Your assignment: Taking the data below, please print only the lines from the line holding "越境卸売 丸頭二本爪鋲 多様なサイズの箱詰めキノコ鋲 手作りDIYアクセサリー二本爪鋲" to the line holding "Sợi thép này", inclusive, with pictures omitted.

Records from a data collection

——

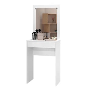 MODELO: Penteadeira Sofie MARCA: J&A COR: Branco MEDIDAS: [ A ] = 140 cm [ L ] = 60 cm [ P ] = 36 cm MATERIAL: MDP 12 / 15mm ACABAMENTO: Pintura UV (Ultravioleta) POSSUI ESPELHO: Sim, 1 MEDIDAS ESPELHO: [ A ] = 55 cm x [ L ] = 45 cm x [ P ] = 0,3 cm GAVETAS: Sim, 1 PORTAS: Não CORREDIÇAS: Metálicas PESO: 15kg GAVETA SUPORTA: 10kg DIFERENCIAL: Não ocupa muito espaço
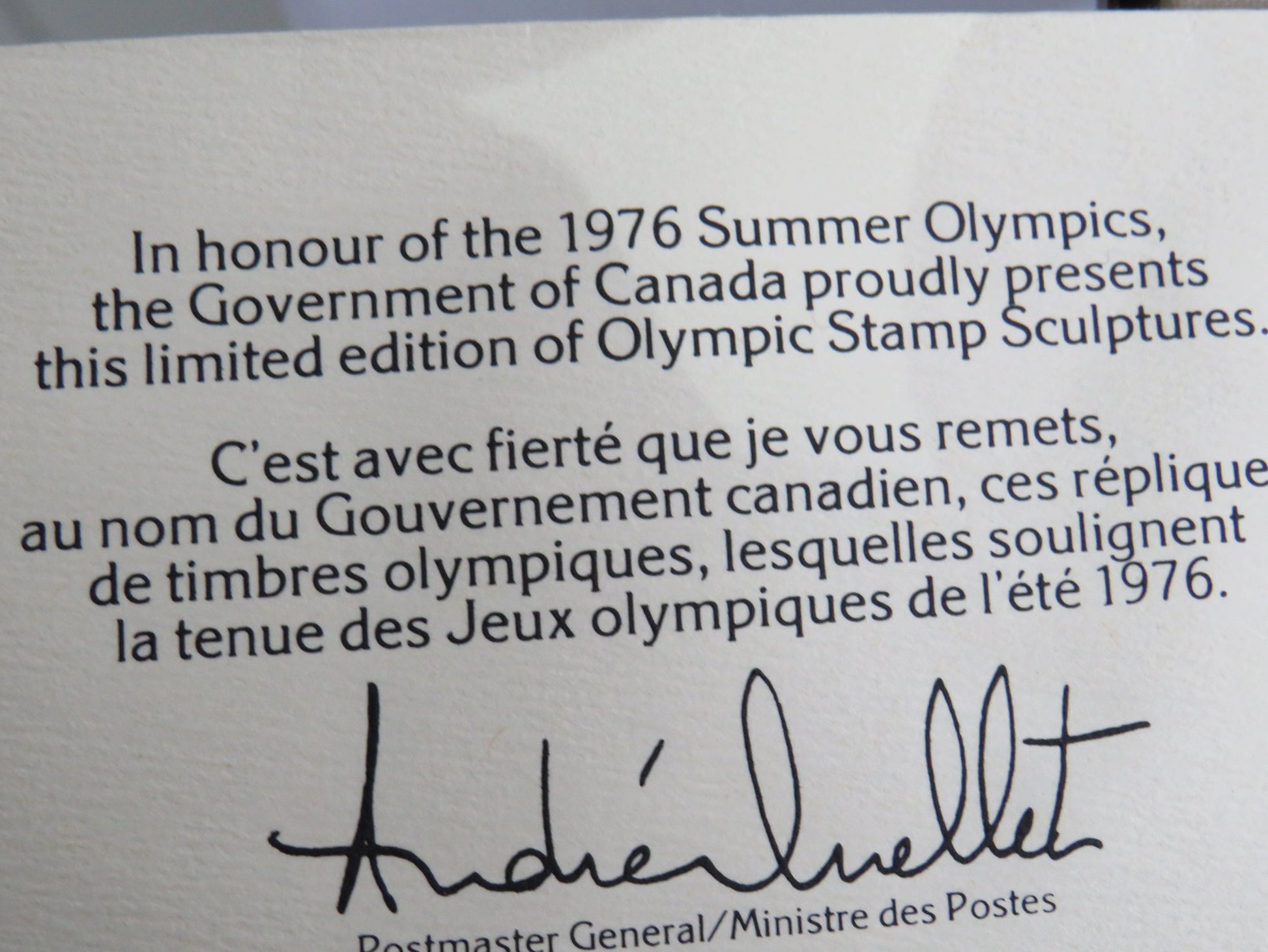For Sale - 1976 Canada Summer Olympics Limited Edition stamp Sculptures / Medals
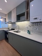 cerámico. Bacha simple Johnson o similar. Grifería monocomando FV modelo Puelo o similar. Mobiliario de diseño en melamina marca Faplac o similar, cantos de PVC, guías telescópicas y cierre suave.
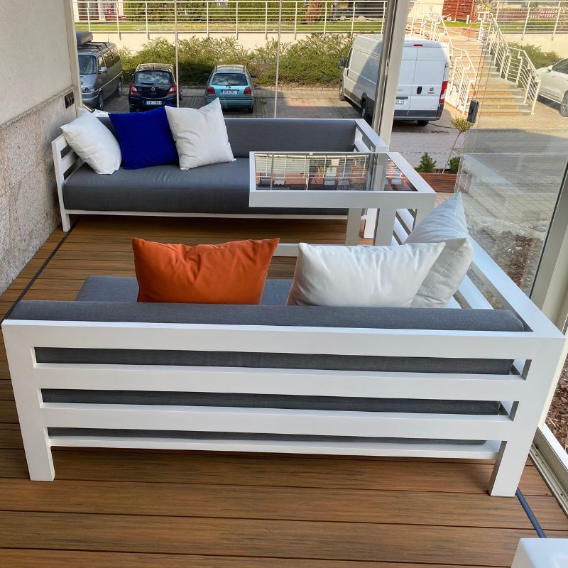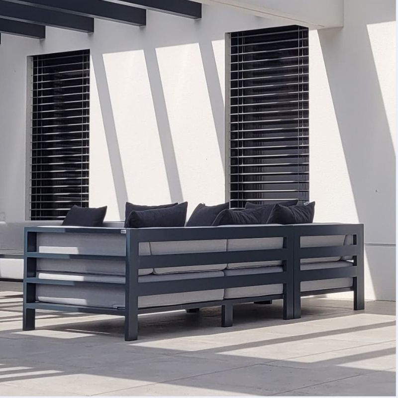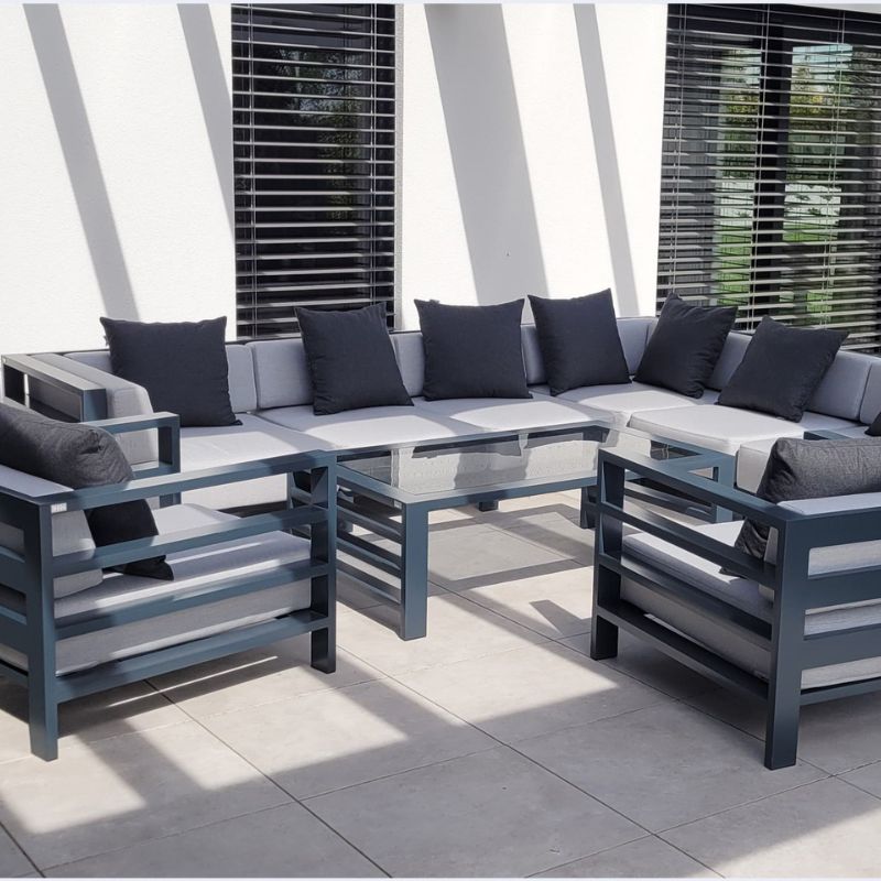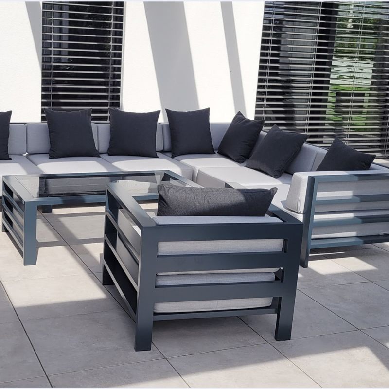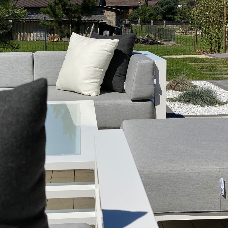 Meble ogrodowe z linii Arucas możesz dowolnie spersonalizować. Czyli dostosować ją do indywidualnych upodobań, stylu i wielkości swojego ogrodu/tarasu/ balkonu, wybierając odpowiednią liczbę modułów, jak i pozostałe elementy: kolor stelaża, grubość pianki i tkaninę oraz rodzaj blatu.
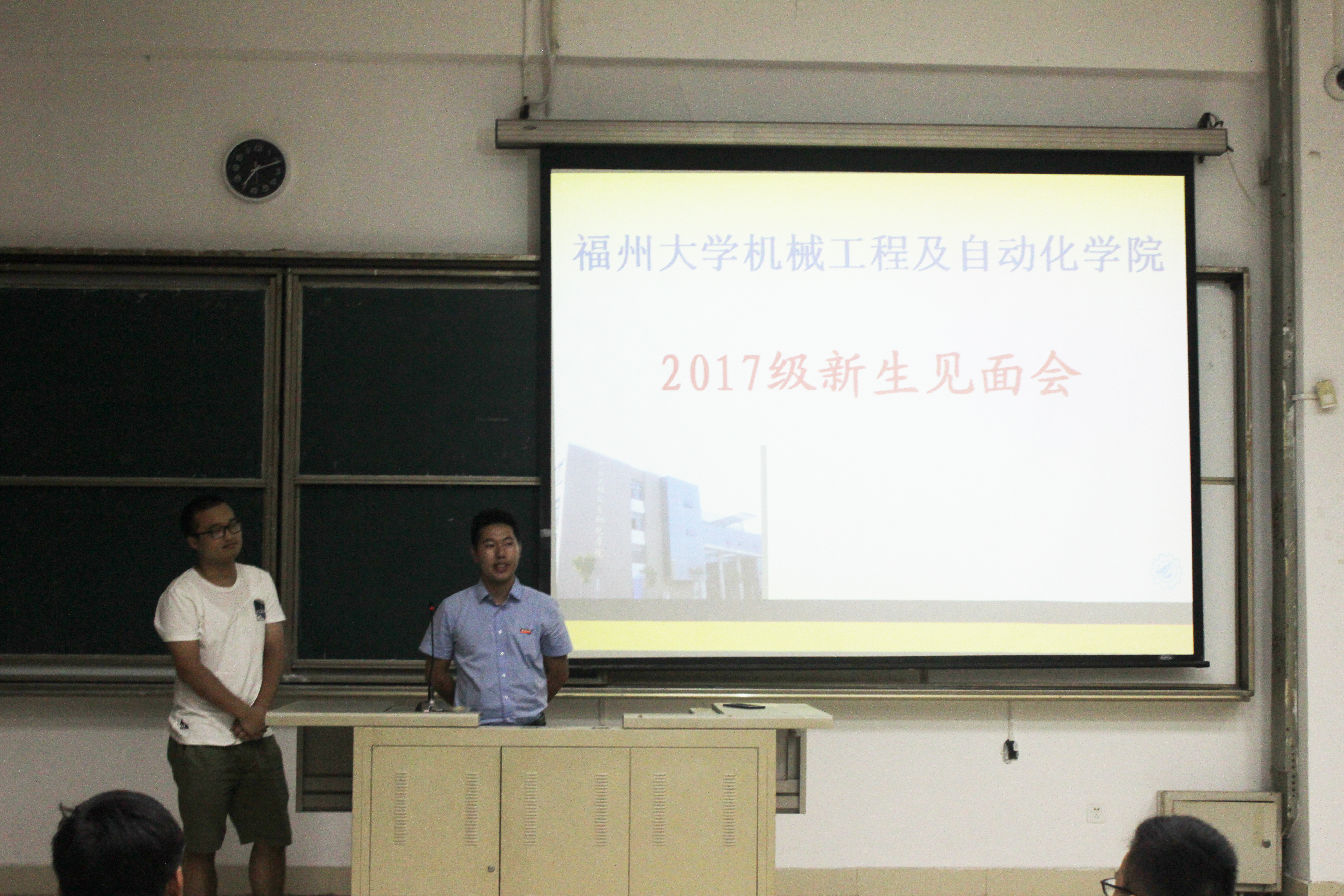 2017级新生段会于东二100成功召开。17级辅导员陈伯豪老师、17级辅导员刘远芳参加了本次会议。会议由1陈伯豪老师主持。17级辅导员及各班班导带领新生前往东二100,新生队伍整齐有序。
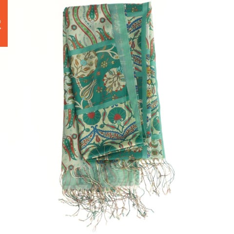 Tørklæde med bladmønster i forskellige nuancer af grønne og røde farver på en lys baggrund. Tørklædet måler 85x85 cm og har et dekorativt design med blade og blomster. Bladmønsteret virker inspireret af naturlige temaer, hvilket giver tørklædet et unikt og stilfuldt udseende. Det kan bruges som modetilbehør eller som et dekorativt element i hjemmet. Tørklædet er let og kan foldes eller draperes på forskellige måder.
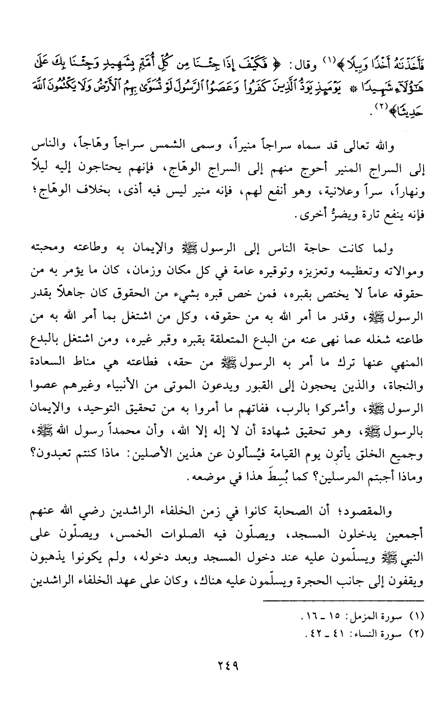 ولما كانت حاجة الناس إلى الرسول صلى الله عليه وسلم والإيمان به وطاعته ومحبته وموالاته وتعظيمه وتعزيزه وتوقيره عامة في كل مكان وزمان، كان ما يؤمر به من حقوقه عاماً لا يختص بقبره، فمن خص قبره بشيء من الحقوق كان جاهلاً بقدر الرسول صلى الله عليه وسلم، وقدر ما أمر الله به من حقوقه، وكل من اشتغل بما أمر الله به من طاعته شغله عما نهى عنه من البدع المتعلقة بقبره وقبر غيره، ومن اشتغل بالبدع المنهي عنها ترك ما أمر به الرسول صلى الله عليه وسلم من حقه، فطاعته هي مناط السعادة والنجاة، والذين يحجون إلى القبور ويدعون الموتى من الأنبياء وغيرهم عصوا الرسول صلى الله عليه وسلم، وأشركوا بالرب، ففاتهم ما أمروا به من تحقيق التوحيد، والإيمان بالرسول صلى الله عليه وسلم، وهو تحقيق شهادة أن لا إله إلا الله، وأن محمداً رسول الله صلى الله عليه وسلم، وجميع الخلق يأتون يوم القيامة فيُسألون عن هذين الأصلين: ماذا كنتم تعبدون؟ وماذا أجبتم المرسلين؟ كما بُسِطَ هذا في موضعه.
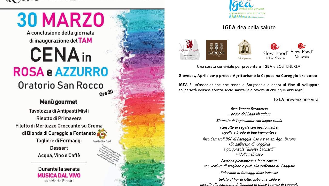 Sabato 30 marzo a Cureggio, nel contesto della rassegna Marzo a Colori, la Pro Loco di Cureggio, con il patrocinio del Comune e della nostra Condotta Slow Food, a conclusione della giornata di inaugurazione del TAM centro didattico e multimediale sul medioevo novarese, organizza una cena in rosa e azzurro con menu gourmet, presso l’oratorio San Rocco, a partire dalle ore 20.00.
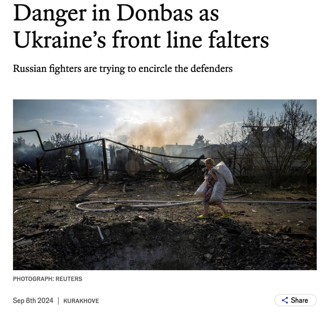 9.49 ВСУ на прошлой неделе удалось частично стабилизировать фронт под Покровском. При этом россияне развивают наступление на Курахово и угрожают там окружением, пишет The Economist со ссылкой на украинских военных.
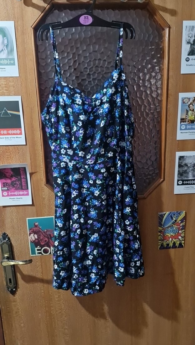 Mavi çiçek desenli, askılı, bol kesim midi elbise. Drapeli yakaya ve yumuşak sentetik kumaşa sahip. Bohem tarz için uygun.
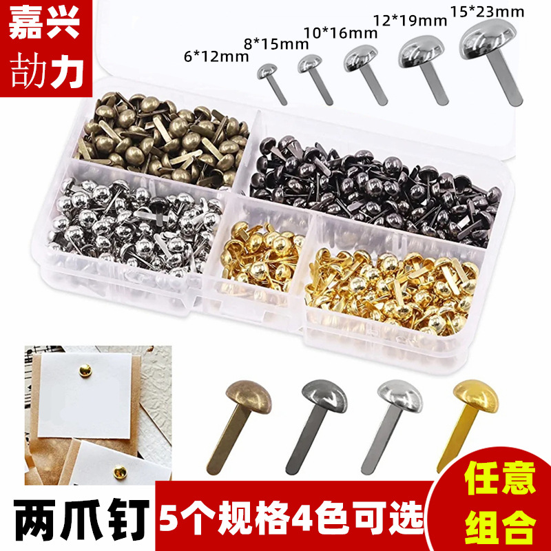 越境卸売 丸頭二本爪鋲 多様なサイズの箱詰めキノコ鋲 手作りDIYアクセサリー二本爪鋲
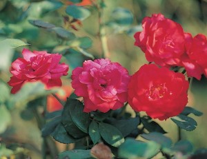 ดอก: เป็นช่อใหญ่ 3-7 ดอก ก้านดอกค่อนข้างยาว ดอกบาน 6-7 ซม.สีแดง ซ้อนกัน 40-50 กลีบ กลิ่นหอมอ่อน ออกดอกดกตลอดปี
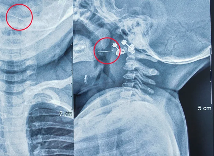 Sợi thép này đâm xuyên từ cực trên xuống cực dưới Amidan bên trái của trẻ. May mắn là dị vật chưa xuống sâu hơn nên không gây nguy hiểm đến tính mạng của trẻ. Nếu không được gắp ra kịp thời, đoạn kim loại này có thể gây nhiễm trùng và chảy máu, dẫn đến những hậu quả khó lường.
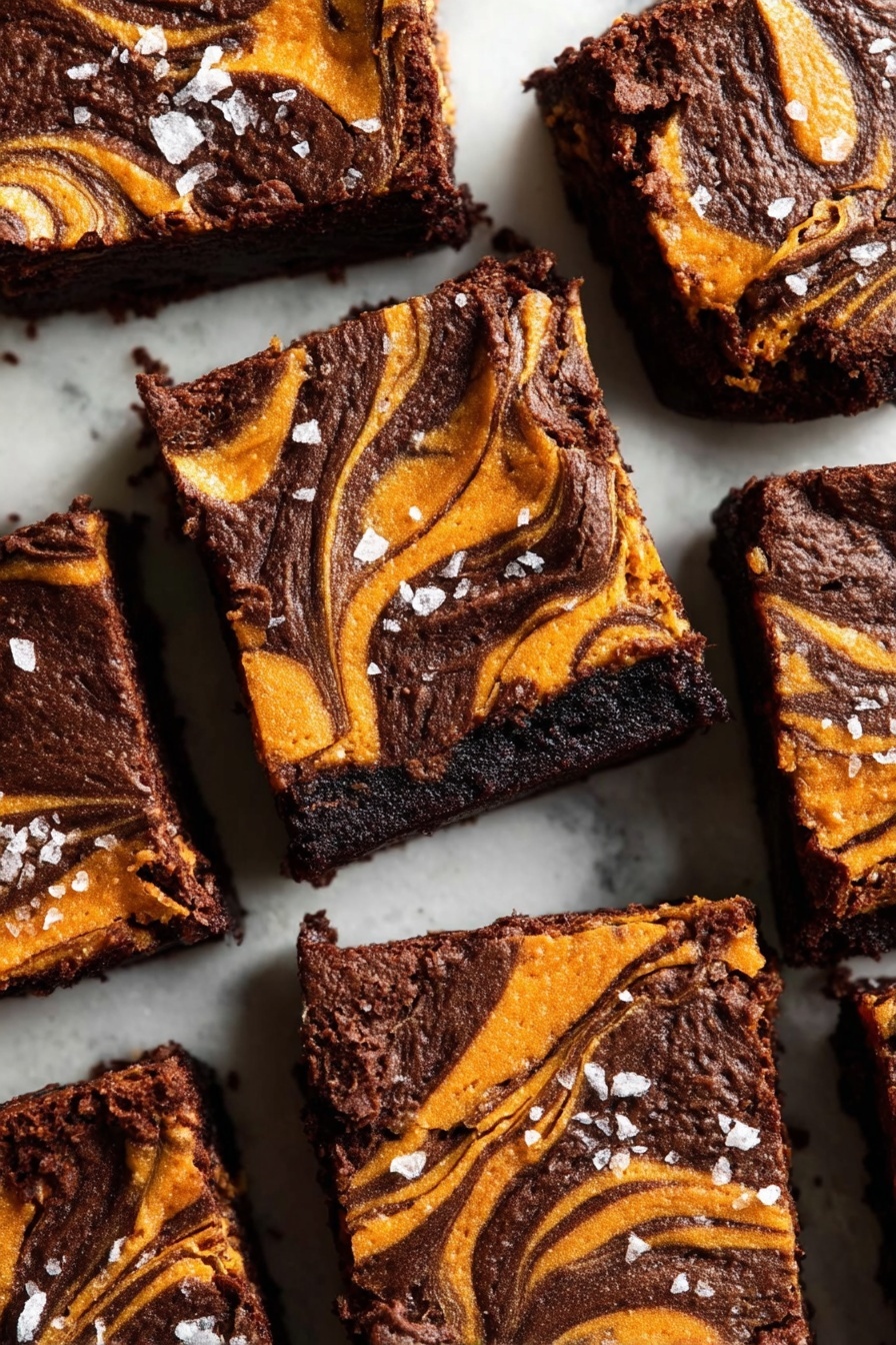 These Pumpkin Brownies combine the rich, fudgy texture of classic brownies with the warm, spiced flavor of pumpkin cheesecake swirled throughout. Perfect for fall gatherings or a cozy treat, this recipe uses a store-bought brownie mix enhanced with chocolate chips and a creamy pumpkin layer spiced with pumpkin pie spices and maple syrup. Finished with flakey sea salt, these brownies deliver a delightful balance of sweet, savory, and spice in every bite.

——

Solution to the exercise:
 越境卸売 丸頭二本爪鋲 多様なサイズの箱詰めキノコ鋲 手作りDIYアクセサリー二本爪鋲
 ดอก: เป็นช่อใหญ่ 3-7 ดอก ก้านดอกค่อนข้างยาว ดอกบาน 6-7 ซม.สีแดง ซ้อนกัน 40-50 กลีบ กลิ่นหอมอ่อน ออกดอกดกตลอดปี
 Sợi thép này đâm xuyên từ cực trên xuống cực dưới Amidan bên trái của trẻ. May mắn là dị vật chưa xuống sâu hơn nên không gây nguy hiểm đến tính mạng của trẻ. Nếu không được gắp ra kịp thời, đoạn kim loại này có thể gây nhiễm trùng và chảy máu, dẫn đến những hậu quả khó lường.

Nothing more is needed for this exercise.